Question marks over what the SNP would do with new tax and borrowing powers remain. For example, the SNP wants National Insurance devolved, but would it raise National Insurance or cut it?
The party wants to increase the top rate of income tax to 50p, but this wouldn’t radically alter the tax base from the current situation. Previously, the party wanted to reduce corporation tax, but has recently abandoned this plan under Sturgeon’s leadership.
James Foley, author of ‘Yes: the radical case for Scottish independence’, said the party now has to explain how exactly it would use new powers to achieve the growth it projects under FFA.
“Superior economic growth could eventually achieve a situation where the tax intake increases sufficiently to pay for public services, but they haven’t properly explained how the growth will be achieved,” he said.
“Since the 1970s, most Western economies have suffered from weak growth historically speaking, and in any case the gains have tended to go to rich elites. How will Scotland escape these traps?” Foley asks.
“For a while, SNP leaders stuck to the discredited nonsense that we could increase our tax revenues by cutting corporation tax,” Foley states. “Thankfully, they’ve abandoned this voodoo economics now, but this leaves nationalism without a plan for growth. Cutting corporation tax was a silly plan, but it was a plan.”
For the SNP leadership, such issues are not pressing concerns. For the moment, they have to work out how to mitigate austerity and use new powers more effectively than Westminster, two issues that are interconnected – how do you do more with less?
Part of the plan may be to use the party’s new cohort of 56 MPs in the House of Commons to put the pressure back on to Westminster rather than Holyrood.

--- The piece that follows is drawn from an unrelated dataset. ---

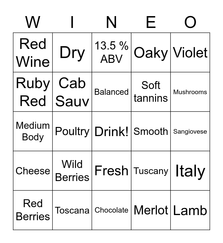This bingo card has a free space and 24 words: Wild Berries, Toscana, Balanced, Red Berries, Violet, Red Wine, Ruby Red, Dry, Smooth, Fresh, Soft tannins, Medium Body, Tuscany, Italy, Cab Sauv, Merlot, Sangiovese, 13.5 % ABV, Mushrooms, Poultry, Lamb, Cheese, Oaky and Chocolate.
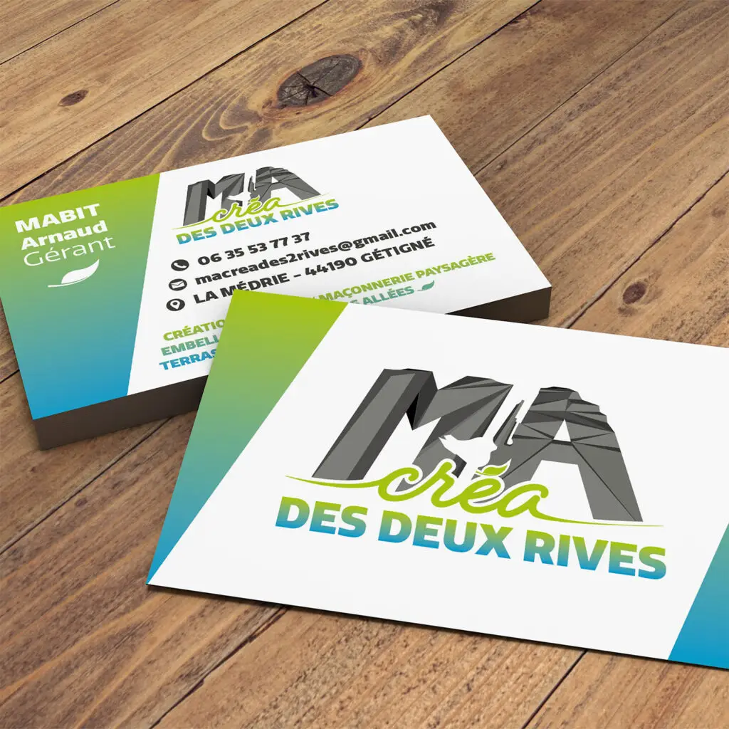 L'entreprise "Ma créa des deux rives" réalise des aménagements paysagers. J'ai eu le plaisir de réaliser leur logo, la charte graphique, les cartes de visite et le covering de leur véhicule.

However if cuts are as deep as expected and unemployment begins to rise, the Scottish Government may struggle to avoid taking at least some of the blame, especially with new powers over income tax which will give the Scottish Parliament some more lee-way to raise extra money.
Even then, Smith will not be implemented for at least another year or so, while the austerity agenda ploughs ahead.
Is a split inevitable?
Alex Salmond was ‘outed’ as the senior SNP source who told various journalists last week that a referendum would be “won” by the Yes side if it was to take place tomorrow, and said even if Cameron refused to allow the Scottish Parliament to hold another referendum it could do it anyway.

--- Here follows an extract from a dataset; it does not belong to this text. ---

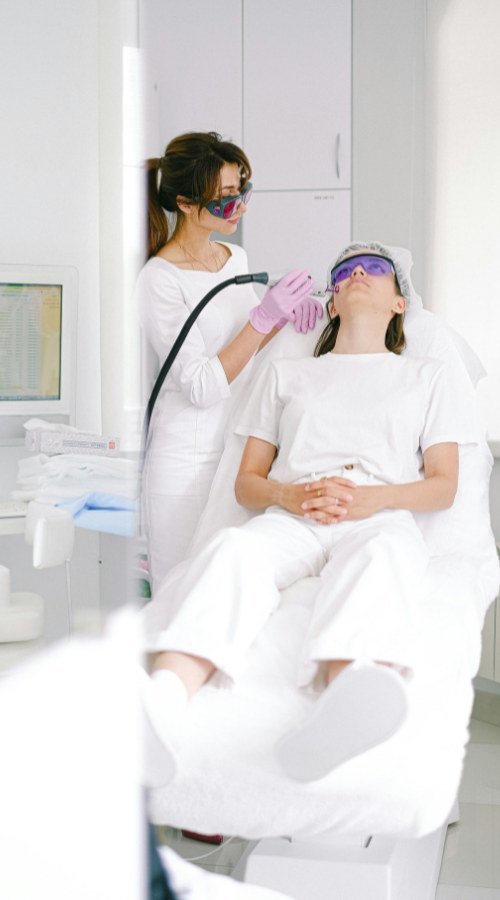 The specialist will gently cleanse your skin and begin the procedure, which may involve laser or IPL technology depending on your personalised treatment plan. You may feel a warm sensation or light tingling, which is normal and well-tolerated to you.

There is hesitation among SNP cadres to take a risk on a second referendum when the party is in such a strong position, but that may come under pressure if the Tories next round of austerity is as crushing as expected, and if an exit from the EU is on the cards.
In any case, the threat of a referendum is another weapon Sturgeon can use in her zero-sum game with the Tories over devolution.
Is it all inevitably leading towards a split, with the current devolution bartering merely shadow boxing before the big showdown? Perhaps, perhaps not; as Mitchell states, no one knows how it is all going to end. The only certainty is that the devolution story still has at least a few chapters left to go.